**Exercise prompt:** Only the lines below starting at the one that contains "Kurse te kategoria" and ending at the one that contains "KBO가 6일 올스타" are to be reproduced, exactly and with both ends kept.

**Supplied entries:**

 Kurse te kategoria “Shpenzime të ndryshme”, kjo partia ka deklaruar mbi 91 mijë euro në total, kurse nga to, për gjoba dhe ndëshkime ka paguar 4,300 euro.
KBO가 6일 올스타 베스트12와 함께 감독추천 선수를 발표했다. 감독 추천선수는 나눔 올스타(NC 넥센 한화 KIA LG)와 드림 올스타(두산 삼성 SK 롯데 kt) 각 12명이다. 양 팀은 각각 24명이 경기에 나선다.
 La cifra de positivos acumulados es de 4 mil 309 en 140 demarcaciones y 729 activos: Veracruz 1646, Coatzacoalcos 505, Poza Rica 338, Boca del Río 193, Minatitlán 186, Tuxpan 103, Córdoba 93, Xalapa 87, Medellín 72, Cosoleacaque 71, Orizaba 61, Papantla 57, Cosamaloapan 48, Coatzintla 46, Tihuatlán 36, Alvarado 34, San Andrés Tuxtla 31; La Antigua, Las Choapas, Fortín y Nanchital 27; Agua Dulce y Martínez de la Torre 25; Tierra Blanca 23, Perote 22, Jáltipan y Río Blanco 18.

==

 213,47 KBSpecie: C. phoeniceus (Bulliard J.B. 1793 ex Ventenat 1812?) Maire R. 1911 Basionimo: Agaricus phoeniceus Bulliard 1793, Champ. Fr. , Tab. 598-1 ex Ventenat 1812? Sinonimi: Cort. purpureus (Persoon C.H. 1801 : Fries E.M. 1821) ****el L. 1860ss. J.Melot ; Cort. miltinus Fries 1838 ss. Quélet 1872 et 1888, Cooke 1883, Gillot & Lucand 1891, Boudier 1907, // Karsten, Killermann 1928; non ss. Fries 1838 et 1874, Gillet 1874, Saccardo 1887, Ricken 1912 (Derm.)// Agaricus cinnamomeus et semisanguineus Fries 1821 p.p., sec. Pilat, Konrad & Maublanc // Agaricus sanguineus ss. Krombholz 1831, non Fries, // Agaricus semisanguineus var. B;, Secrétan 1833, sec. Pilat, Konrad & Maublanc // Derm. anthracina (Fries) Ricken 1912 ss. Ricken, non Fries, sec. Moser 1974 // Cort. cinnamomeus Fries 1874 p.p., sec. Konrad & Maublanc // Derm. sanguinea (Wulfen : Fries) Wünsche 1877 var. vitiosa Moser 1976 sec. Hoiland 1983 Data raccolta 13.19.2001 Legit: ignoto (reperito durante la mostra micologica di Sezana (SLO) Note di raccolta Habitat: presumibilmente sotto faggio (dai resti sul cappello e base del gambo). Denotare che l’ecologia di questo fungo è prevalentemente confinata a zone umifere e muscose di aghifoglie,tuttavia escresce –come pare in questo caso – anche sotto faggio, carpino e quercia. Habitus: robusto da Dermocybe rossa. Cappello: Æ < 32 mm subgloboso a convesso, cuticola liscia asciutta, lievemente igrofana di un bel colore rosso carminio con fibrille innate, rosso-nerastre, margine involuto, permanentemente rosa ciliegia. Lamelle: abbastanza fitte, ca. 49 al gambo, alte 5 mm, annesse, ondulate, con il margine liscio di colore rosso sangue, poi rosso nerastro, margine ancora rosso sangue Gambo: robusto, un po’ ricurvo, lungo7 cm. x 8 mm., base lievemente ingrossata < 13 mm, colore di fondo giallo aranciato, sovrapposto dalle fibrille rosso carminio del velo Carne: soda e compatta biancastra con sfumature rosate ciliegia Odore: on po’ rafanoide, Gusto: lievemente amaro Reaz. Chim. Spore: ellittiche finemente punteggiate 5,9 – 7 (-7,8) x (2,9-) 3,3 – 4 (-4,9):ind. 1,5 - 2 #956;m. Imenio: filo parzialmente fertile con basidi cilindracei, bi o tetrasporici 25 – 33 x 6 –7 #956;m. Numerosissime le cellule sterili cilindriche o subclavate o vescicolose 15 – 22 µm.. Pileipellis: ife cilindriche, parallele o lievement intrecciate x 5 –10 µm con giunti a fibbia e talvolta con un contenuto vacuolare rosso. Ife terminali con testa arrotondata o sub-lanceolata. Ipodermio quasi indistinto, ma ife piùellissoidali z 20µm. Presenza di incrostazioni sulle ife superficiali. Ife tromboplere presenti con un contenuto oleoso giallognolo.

**Written response:**
 Kurse te kategoria “Shpenzime të ndryshme”, kjo partia ka deklaruar mbi 91 mijë euro në total, kurse nga to, për gjoba dhe ndëshkime ka paguar 4,300 euro.
KBO가 6일 올스타 베스트12와 함께 감독추천 선수를 발표했다. 감독 추천선수는 나눔 올스타(NC 넥센 한화 KIA LG)와 드림 올스타(두산 삼성 SK 롯데 kt) 각 12명이다. 양 팀은 각각 24명이 경기에 나선다.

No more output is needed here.